((

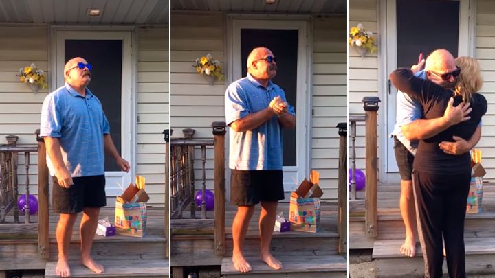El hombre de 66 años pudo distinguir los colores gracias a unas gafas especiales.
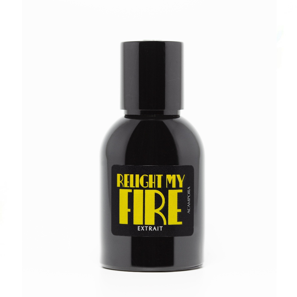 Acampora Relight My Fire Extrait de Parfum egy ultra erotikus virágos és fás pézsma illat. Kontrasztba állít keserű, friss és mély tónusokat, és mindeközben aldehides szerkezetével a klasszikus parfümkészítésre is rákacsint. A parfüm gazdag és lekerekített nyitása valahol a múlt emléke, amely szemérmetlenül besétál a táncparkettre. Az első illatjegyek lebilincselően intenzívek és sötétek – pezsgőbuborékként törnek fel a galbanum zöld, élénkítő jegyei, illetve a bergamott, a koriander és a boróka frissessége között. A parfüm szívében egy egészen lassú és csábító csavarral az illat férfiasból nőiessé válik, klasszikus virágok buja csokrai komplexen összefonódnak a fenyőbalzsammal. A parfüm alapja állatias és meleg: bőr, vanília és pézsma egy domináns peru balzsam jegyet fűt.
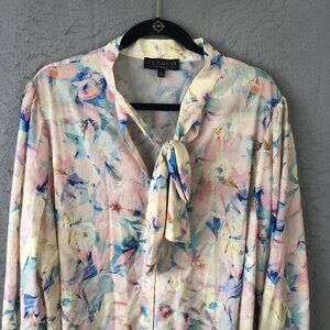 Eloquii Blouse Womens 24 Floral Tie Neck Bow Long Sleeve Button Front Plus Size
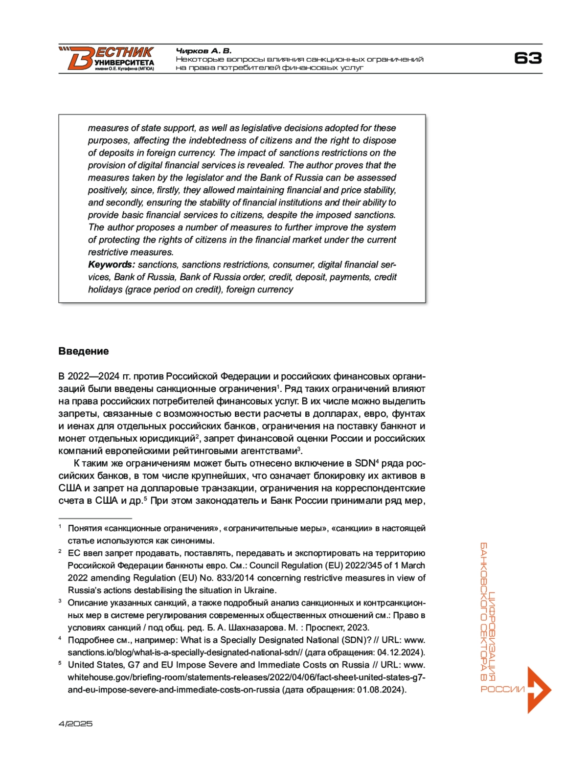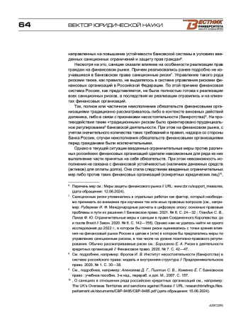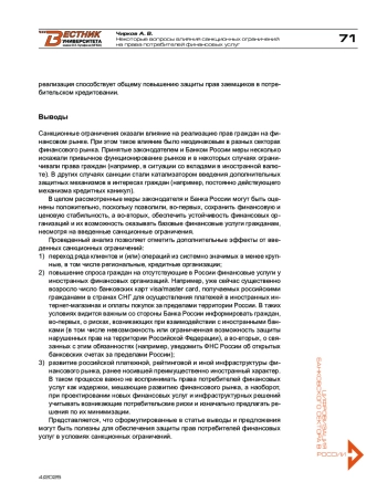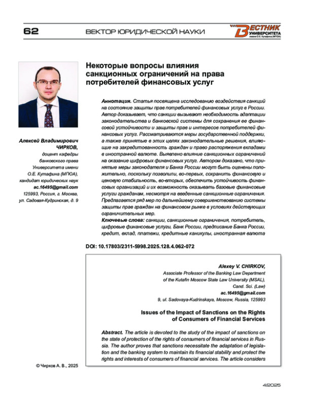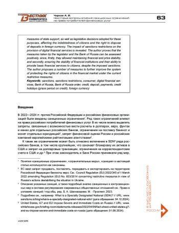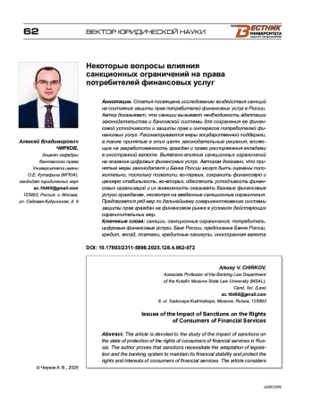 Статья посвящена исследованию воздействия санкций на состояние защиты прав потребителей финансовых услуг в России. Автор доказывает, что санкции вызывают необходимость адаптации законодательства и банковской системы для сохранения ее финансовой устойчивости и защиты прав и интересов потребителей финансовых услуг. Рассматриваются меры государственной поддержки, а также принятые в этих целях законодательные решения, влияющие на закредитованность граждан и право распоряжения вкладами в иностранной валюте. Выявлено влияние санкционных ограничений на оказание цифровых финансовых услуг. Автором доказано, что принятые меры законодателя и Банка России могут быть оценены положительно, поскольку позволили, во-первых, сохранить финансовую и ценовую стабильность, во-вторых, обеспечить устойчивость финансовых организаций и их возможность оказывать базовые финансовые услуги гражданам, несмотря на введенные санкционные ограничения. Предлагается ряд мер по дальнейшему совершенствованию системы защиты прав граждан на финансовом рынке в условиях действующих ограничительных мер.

))
((

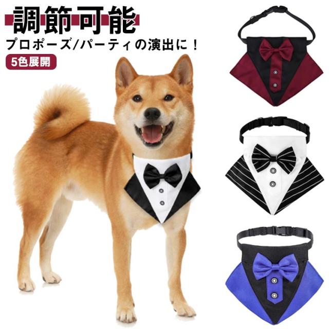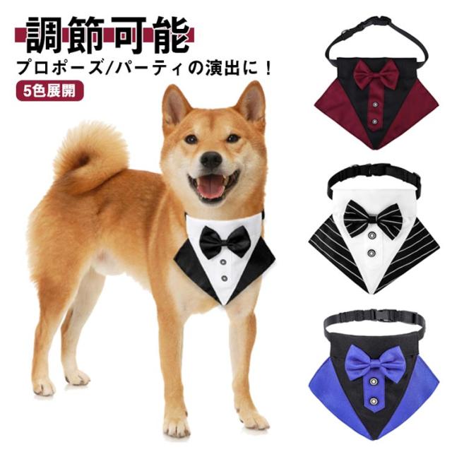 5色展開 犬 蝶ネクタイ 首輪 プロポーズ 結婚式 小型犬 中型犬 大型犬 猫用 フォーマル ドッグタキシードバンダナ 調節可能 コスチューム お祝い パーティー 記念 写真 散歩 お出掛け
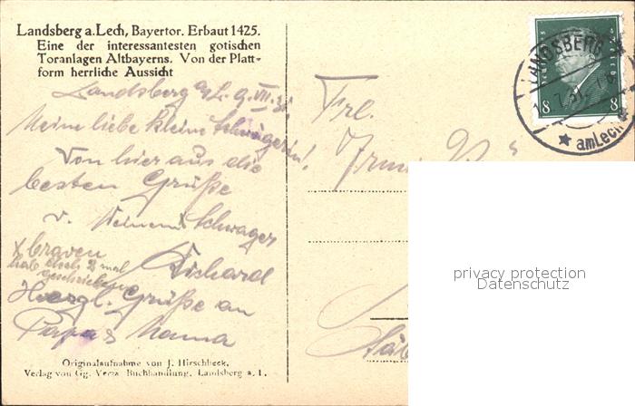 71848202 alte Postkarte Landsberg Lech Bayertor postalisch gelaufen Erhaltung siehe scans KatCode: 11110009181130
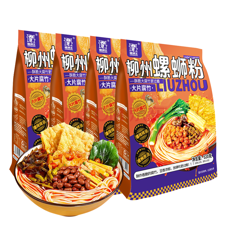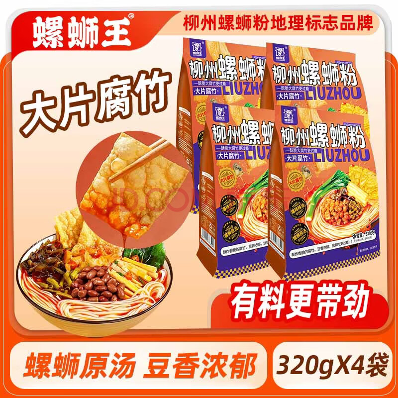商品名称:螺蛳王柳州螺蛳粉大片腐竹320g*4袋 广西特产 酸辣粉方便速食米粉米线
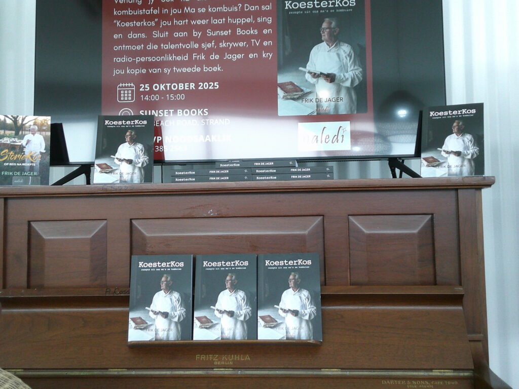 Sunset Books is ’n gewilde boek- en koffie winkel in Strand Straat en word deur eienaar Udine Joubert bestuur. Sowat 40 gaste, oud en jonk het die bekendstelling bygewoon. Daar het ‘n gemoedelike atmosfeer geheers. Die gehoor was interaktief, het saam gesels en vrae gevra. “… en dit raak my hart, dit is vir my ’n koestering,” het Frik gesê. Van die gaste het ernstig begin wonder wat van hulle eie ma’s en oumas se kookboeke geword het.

))

TASK STATEMENT> In the entries above, find the line with "5色展開 犬 蝶ネクタイ" and the line with "Sunset Books is". Write out exactly those two lines and every line between them, pictures excluded.

SOLUTION BELOW>
 5色展開 犬 蝶ネクタイ 首輪 プロポーズ 結婚式 小型犬 中型犬 大型犬 猫用 フォーマル ドッグタキシードバンダナ 調節可能 コスチューム お祝い パーティー 記念 写真 散歩 お出掛け
 71848202 alte Postkarte Landsberg Lech Bayertor postalisch gelaufen Erhaltung siehe scans KatCode: 11110009181130
商品名称:螺蛳王柳州螺蛳粉大片腐竹320g*4袋 广西特产 酸辣粉方便速食米粉米线
 Sunset Books is ’n gewilde boek- en koffie winkel in Strand Straat en word deur eienaar Udine Joubert bestuur. Sowat 40 gaste, oud en jonk het die bekendstelling bygewoon. Daar het ‘n gemoedelike atmosfeer geheers. Die gehoor was interaktief, het saam gesels en vrae gevra. “… en dit raak my hart, dit is vir my ’n koestering,” het Frik gesê. Van die gaste het ernstig begin wonder wat van hulle eie ma’s en oumas se kookboeke geword het.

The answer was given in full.